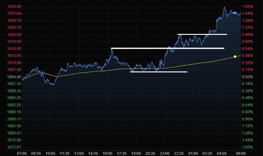 从周四的分时图来看,金价在1923.5、1916.5和1906.5附近分别存在一些支撑。
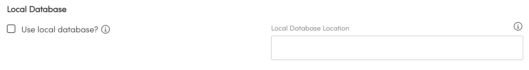 Enter the location within local database location. This location must not be used by another local database.
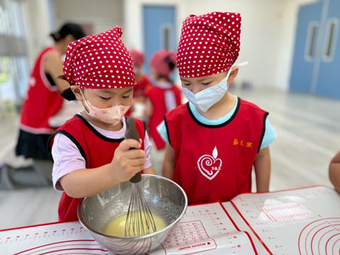新學期第一次的幸福廚房烘焙活動來囉!這次的烘焙活動帶領大家製作草莓果醬餅乾,一開始老師介紹食材,接著幼兒合作將所有食材倒入並攪拌均勻,完成後變成麵糰,幼兒練習將麵糰切塊搓圓壓扁或壓模,最後再擠上草莓果醬即大功告成!過程中大家都非常認真完成任務喔!完成成品後,幼兒臉上都洋溢著滿滿的成就感!
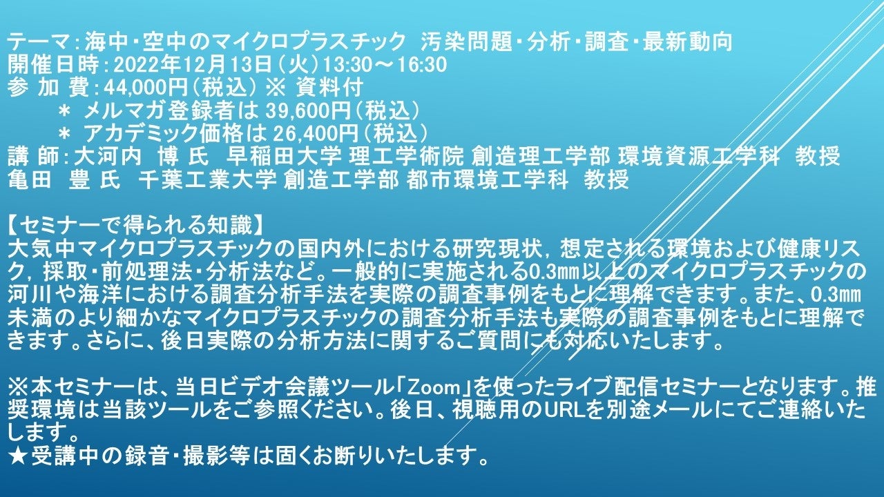 【ライブ配信セミナー】海中・空中のマイクロプラスチック 汚染問題・分析・調査・最新動向 12月13日(火)開催 主催:(株)シーエムシー・リサーチ
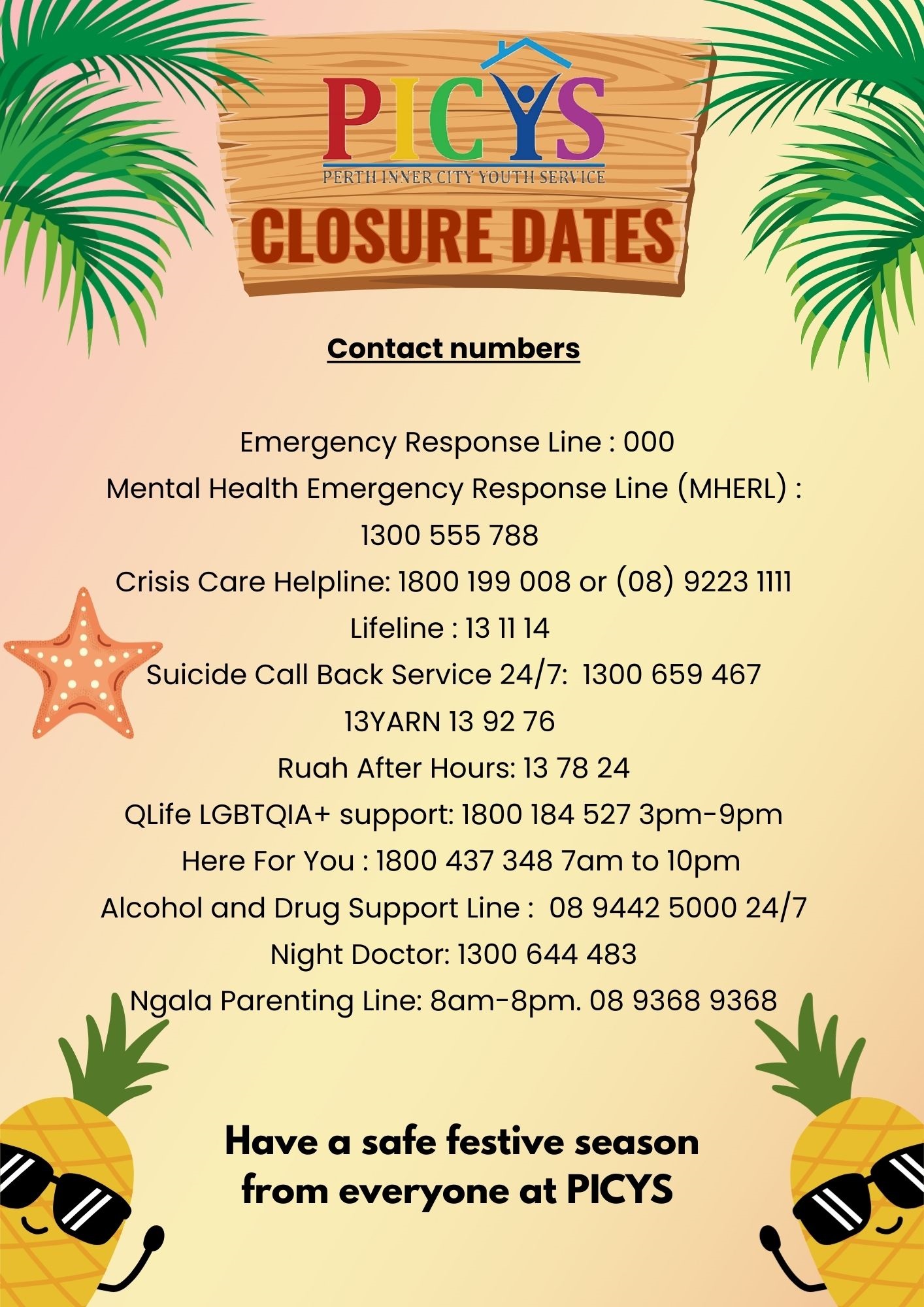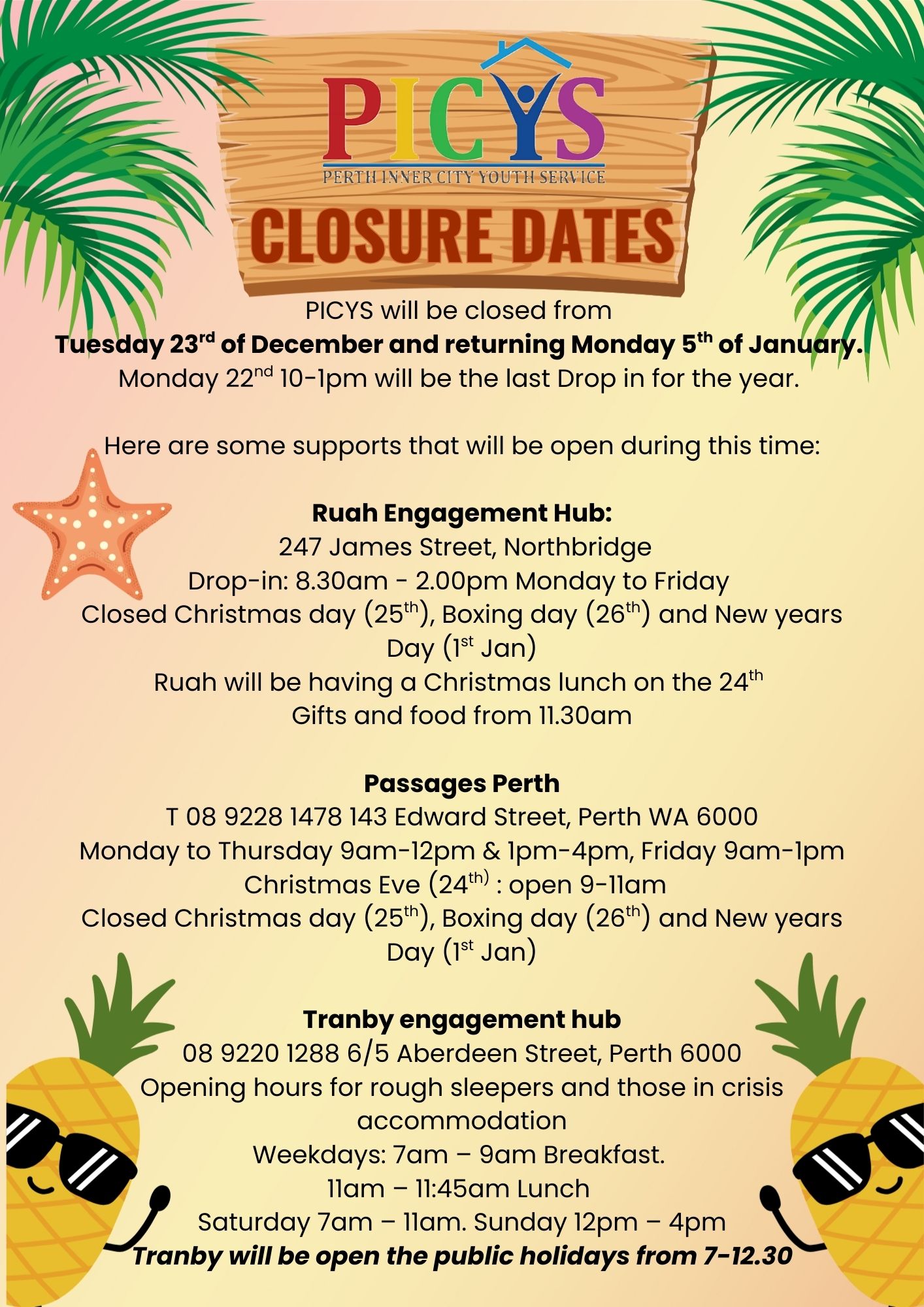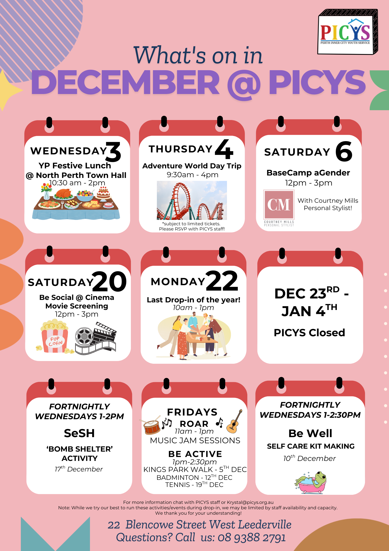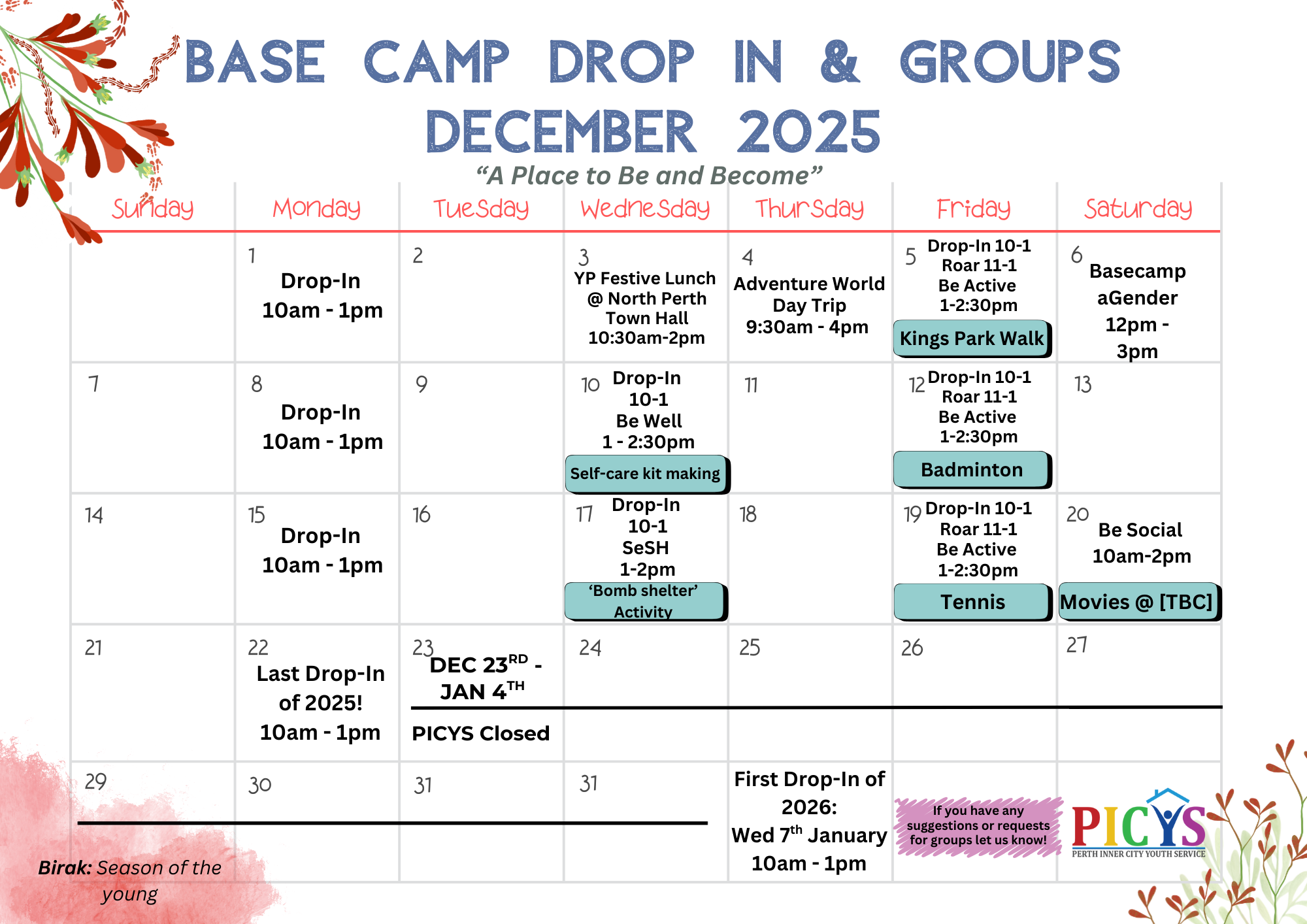 PICYS BaseCamp drop in open times are 10am and 1pm on Mondays, Wednesdays and Fridays (except public holidays). Drop in to connect with PICYS staff and other young people with similar experiences in a safe and supportive environment, enjoy a meal, get Emergency Relief (ER) supplies to stretch the weekly budget, use the computer, laundry and bathroom facilities, play an instrument or do some craft.

# ASSIGNED TASK
For this copy, leave pictures out and reproduce the lines from the one bearing "Enter the location" through the final line of the listing above, both ends included.

# YOUR RESPONSE
 Enter the location within local database location. This location must not be used by another local database.
新學期第一次的幸福廚房烘焙活動來囉!這次的烘焙活動帶領大家製作草莓果醬餅乾,一開始老師介紹食材,接著幼兒合作將所有食材倒入並攪拌均勻,完成後變成麵糰,幼兒練習將麵糰切塊搓圓壓扁或壓模,最後再擠上草莓果醬即大功告成!過程中大家都非常認真完成任務喔!完成成品後,幼兒臉上都洋溢著滿滿的成就感!
 【ライブ配信セミナー】海中・空中のマイクロプラスチック 汚染問題・分析・調査・最新動向 12月13日(火)開催 主催:(株)シーエムシー・リサーチ
 PICYS BaseCamp drop in open times are 10am and 1pm on Mondays, Wednesdays and Fridays (except public holidays). Drop in to connect with PICYS staff and other young people with similar experiences in a safe and supportive environment, enjoy a meal, get Emergency Relief (ER) supplies to stretch the weekly budget, use the computer, laundry and bathroom facilities, play an instrument or do some craft.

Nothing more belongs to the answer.